Hot-Swapping Clause Assignments
- Hot-swapping clause assignments is a runtime mechanism that dynamically updates CNF clause partitions during Boolean Constraint Propagation in SAT solvers.
- It leverages FPGA and GPU architectures by streaming clauses into local memories to bypass static assignments and maximize parallel processing.
- Practical implementations show improved throughput and solver efficiency, with FPGA designs achieving up to 6× acceleration over software baselines.

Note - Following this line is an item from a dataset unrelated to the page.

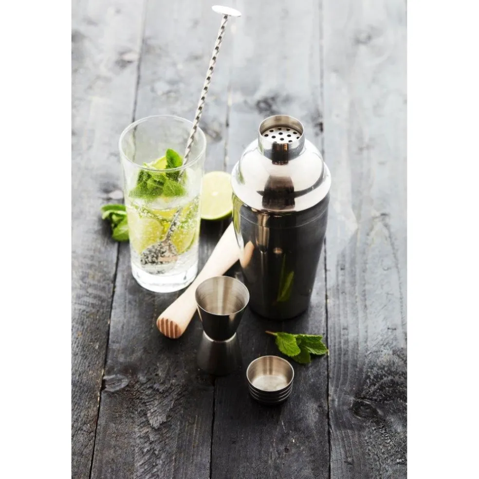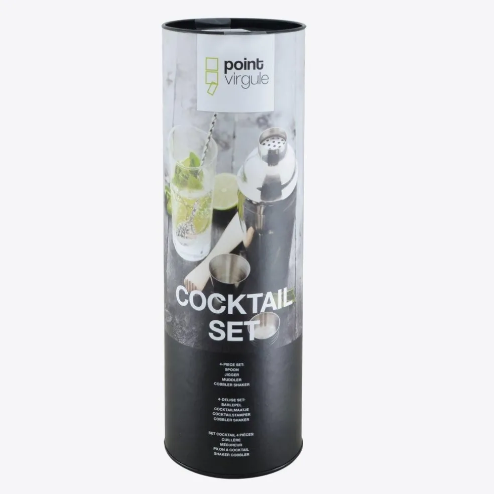 Ce coffret de POINT VIRGULE® comprend 1 shaker, 1 doseur double en acier inoxydable, 1 cuillère et 1 pilon en bois.

Hot-swapping clause assignments is a runtime mechanism for synchronously or asynchronously updating the set of clauses assigned to processing units during Boolean Constraint Propagation (BCP) in satisfiability (SAT) solvers. This is most prominently deployed in SAT accelerators leveraging either FPGAs or GPUs, where clause assignments can be streamed in and replaced on-the-fly to circumvent memory bottlenecks, maximize parallel utilization, and ensure rapid propagation based on solver state. In such frameworks, “hot-swapping” encompasses both the efficient loading and eviction of CNF clause partitions within hardware-accelerated solvers, and the selective, event-triggered import of clauses into multithreaded solver threads in CPU-GPU CDCL hybrids (Godindasamy et al., 2023, Prevot, 2020).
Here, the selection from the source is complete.